Du musst das auch mal aus der Sicht eines Frosches sehen 

mfG


----------



## Eva-Maria (23. Mai 2011)

*AW: Ich hätt so gern einen Frosch*

Hallo Moni,
herzlich willkommen im Forum.
Dein Teich schaut schon richtig klasse aus.
Wie andere Foristen schon schrieben, jetzt ist ein wenig Geduld gefragt.
Wir haben unseren Teich das 3. Jahr und erstmalig sind __ Frösche, 2 Stück, zugewandert.


----------



## Kleefrau (23. Mai 2011)

*AW: Ich hätt so gern einen Frosch*

Hallo,

erst einmal herzlichen Dank für die liebe Begrüßung. Ja, dann werde ich wohl einfach mal abwarten, was sich so tut am Teichlein.

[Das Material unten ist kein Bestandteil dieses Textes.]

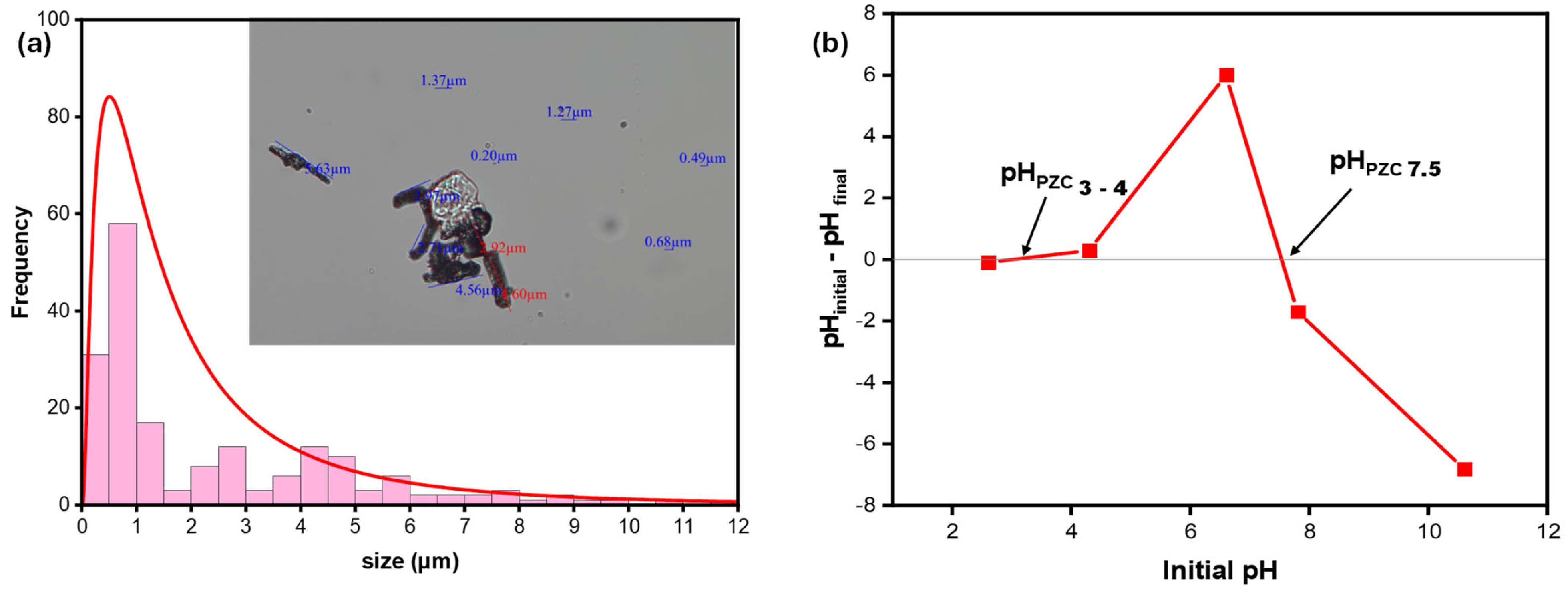 The size distribution and morphology of PET micro- and nanoplastics were examined using a fluorescent microscope (MX6300, Meiji Techno Co., Saitama, Japan) equipped with a 4K Moticam4000 microscope camera. The analysis was conducted under visible light at a micrometer scale with a 100× magnification. The captured fluorescent microscope images were further processed and analyzed for size and shape using Motic Image Plus 2.3S software. The point of zero charge (PZC) of PET microplastics was determined using a pH drift method. Briefly, 2 mg of PET particles were dispersed in 3 mL of aqueous solution containing one drop of 3.35 M KCl to maintain constant ionic strength. The initial pH was adjusted to values of 2.6, 4.3, 6.6, 7.8, and 10.6 using HCl or NaOH. Suspensions were gently mixed and allowed to equilibrate prior to measurement. The final pH was then measured, and the PZC was identified as the pH at which the difference between final and initial pH (ΔpH) approached zero (Figure 1b).

69pflanzenfreund69 schrieb:


> und __ Molche werden on Mass kommen   Am besten dafür ein paar große Steine rein unter denen sie sich verkriechen können



Ja, das werde ich machen. Super Idee - danke.



jolantha schrieb:


> hallo  Moni
> Ich hoffe, Du weißt, daß bei den Fröschen nur die Männchen quaken, (wie im wahren Leben auch  ) Also nur Geduld, das kommt von ganz alleine



Nein, wußte ich bisher nicht  



karsten. schrieb:


> Du musst das auch mal aus der Sicht eines Frosches sehen



 Das hab ich schon versucht



Eva-Maria schrieb:


> Dein Teich schaut schon richtig klasse aus.



Danke sehr ! 

Herzliche Grüße
Moni


----------



## nachtpfauenauge (23. Mai 2011)

*AW: Ich hätt so gern einen Frosch*



Einfach warten,die Natur bringt dir bald einen schönen Laubfrosch.

Werrli


----------



## Digicat (23. Mai 2011)

*AW: Ich hätt so gern einen Frosch*

Servus Werrli

Herzlich Willkommen

Deine Profileintragung verspricht "Natur pur" ....

Könntest deinen Teich hier gerne vorstellen ... würde mich sehr freuen


----------



## Mel_is (4. Juni 2011)

*AW: Ich hätt so gern einen Frosch*

Hallo Moni, Du hast die gleiche Teichgröße wie ich..... das wird schon. Bin auch ganz optimistisch, dass sich das alles mit der Zeit von selbst ergibt. 

Leider bin ich auch von ungeduldiger Natur, aber das sieht sicher aus Froschsicht auch einladend aus. Vielleicht wartet er auch nur darauf, dass die Pflanzen wachsen, dass er sich darin auch gut verstecken kann :hai

LG MEL_


----------